Davanti a lui si stendeva l’enorme spazio del territorio titanico, illuminato dall’accecante luce bianca. Alle sue spalle c’era il dedalo dei corridoi oscuri, dove una volta aveva vissuto sicuro e felice. Ora non c’era più sicurezza né felicità, per lui, in nessun posto.

Con un sospiro, Eric promise a fior di labbro: «Crescerò presto, zio Thomas. Diventerò un uomo… devo farlo.»

Poi varcò la soglia ed entrò nel territorio dei Titanici.

PARTE SECONDA

11

La vecchia trappola che Thomas, come voleva il suo nome, aveva distrutto, smantellandola, tanto tempo prima, pendeva ancora inutilizzabile sulla parete opposta.

Ecco, di nuovo, quel candore abbagliante, quello spazio che faceva impazzire per la suavastità.

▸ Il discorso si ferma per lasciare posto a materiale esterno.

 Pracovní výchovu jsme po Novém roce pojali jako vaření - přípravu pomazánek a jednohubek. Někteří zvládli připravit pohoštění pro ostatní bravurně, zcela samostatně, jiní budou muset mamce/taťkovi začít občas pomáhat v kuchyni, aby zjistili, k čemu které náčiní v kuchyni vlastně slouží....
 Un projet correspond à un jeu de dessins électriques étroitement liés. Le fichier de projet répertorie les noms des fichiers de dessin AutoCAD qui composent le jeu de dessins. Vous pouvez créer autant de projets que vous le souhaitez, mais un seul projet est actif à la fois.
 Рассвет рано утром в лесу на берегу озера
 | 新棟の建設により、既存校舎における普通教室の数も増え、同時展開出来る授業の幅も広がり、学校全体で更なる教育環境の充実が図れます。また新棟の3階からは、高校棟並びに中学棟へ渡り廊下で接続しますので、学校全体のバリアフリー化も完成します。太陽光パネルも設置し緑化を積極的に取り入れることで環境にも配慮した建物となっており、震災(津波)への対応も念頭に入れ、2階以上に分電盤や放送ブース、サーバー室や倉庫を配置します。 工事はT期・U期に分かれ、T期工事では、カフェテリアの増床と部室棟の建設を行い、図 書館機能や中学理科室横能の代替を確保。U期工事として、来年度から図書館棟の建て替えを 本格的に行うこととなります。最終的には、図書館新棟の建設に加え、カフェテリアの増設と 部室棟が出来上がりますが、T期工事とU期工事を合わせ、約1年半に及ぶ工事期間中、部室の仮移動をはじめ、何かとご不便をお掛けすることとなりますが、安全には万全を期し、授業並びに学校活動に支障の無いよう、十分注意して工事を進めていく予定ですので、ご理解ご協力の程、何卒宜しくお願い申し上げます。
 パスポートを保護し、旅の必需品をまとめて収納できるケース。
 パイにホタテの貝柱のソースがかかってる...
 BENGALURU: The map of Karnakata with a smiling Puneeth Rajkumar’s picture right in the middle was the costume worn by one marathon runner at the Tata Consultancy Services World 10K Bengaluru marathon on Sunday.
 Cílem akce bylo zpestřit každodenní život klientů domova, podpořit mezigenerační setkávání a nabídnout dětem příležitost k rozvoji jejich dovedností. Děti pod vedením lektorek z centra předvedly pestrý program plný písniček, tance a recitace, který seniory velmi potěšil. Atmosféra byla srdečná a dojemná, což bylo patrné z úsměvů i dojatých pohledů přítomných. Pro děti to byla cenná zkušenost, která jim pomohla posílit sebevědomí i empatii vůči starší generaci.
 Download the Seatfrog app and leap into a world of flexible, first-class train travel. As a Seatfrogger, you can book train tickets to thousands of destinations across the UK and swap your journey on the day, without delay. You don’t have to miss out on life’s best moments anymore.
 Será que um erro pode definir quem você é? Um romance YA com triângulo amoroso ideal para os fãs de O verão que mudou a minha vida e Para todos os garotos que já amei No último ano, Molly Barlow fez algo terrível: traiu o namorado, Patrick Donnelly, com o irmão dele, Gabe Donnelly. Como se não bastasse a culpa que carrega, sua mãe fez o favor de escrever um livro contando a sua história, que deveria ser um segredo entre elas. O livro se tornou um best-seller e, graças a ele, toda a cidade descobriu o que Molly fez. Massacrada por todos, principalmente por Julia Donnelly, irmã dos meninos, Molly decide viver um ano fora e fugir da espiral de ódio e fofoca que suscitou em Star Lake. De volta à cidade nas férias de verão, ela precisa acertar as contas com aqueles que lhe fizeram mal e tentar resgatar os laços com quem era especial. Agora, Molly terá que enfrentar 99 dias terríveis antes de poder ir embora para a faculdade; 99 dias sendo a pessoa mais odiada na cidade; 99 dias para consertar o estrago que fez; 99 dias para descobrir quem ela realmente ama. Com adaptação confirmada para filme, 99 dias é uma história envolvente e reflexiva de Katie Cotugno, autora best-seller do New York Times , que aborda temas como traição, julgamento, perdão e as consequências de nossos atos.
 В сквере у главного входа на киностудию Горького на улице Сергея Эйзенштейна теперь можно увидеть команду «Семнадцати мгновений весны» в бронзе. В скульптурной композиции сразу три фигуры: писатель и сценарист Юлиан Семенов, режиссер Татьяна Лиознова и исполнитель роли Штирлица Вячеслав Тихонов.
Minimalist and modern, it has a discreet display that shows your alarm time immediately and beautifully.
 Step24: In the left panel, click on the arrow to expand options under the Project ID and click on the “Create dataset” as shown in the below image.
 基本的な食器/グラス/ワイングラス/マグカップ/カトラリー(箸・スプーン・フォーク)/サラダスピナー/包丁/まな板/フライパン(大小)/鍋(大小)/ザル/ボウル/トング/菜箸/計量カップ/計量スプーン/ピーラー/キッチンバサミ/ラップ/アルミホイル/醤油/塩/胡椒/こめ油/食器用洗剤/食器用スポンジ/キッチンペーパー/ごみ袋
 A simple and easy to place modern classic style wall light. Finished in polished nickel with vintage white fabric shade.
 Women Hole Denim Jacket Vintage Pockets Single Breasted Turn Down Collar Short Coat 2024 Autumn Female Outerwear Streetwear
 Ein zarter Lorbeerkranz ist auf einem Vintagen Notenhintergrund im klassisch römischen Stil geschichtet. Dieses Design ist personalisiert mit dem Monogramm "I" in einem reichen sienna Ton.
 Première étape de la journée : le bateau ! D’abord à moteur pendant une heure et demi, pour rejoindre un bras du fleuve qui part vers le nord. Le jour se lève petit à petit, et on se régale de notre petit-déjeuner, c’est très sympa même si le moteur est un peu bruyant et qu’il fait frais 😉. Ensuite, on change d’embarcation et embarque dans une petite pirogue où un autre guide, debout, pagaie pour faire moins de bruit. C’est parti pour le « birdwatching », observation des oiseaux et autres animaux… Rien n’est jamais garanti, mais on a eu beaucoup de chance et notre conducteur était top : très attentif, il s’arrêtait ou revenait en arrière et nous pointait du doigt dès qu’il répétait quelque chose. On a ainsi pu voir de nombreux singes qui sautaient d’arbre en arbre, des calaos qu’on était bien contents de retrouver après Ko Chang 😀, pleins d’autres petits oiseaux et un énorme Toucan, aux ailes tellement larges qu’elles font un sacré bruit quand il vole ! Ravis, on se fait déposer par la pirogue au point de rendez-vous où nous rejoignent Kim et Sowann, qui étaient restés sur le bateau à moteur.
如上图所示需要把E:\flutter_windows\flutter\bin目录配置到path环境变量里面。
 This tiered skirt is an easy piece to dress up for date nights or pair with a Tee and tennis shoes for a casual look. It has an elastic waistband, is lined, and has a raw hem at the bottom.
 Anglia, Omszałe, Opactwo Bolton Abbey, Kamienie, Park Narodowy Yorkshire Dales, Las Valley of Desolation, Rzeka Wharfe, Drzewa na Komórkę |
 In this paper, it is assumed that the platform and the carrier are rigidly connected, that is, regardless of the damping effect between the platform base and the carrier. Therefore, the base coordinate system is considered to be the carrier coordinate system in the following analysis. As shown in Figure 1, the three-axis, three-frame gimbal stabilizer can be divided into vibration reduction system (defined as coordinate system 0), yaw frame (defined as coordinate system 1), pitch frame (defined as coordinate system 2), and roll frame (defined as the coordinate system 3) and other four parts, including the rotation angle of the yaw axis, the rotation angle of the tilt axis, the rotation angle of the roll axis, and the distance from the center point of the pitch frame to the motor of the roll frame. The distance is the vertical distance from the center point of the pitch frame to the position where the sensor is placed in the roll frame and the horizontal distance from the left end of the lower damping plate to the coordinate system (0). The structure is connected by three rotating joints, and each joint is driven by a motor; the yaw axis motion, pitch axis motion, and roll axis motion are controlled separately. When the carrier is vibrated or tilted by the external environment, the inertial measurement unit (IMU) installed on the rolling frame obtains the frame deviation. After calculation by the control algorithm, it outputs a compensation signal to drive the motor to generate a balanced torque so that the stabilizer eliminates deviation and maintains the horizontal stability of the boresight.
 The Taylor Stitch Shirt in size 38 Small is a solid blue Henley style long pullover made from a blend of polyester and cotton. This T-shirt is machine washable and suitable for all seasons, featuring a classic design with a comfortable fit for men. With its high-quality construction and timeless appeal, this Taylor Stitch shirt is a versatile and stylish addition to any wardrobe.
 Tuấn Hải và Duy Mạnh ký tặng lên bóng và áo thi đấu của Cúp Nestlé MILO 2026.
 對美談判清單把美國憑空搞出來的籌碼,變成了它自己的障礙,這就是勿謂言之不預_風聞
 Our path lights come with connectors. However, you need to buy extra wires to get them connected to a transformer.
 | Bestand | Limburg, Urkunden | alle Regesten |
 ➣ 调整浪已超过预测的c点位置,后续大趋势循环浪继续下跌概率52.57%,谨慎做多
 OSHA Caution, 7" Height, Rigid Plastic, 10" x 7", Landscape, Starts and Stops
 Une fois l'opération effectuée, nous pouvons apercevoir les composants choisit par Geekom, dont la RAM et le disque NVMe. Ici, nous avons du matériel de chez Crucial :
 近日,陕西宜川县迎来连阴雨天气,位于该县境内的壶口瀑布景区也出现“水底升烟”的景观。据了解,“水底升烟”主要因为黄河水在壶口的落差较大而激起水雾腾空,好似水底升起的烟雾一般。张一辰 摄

Eric voltò subito a destra e si mise a correre rasente il muro, contando i passi, seguendo lo stesso itinerario percorso in occasione del suo primo Furto. Ansimava per la paura, ma continuava a ripetere a se stesso che lì correva gli stessi rischi di qualsiasi altro essere umano che vi si fosse avventurato. Lì, tutti gli uomini erano fuorilegge, inseguiti spietatamente, condannati a morte. In territorio titanico, nessuno godeva di privilegi speciali.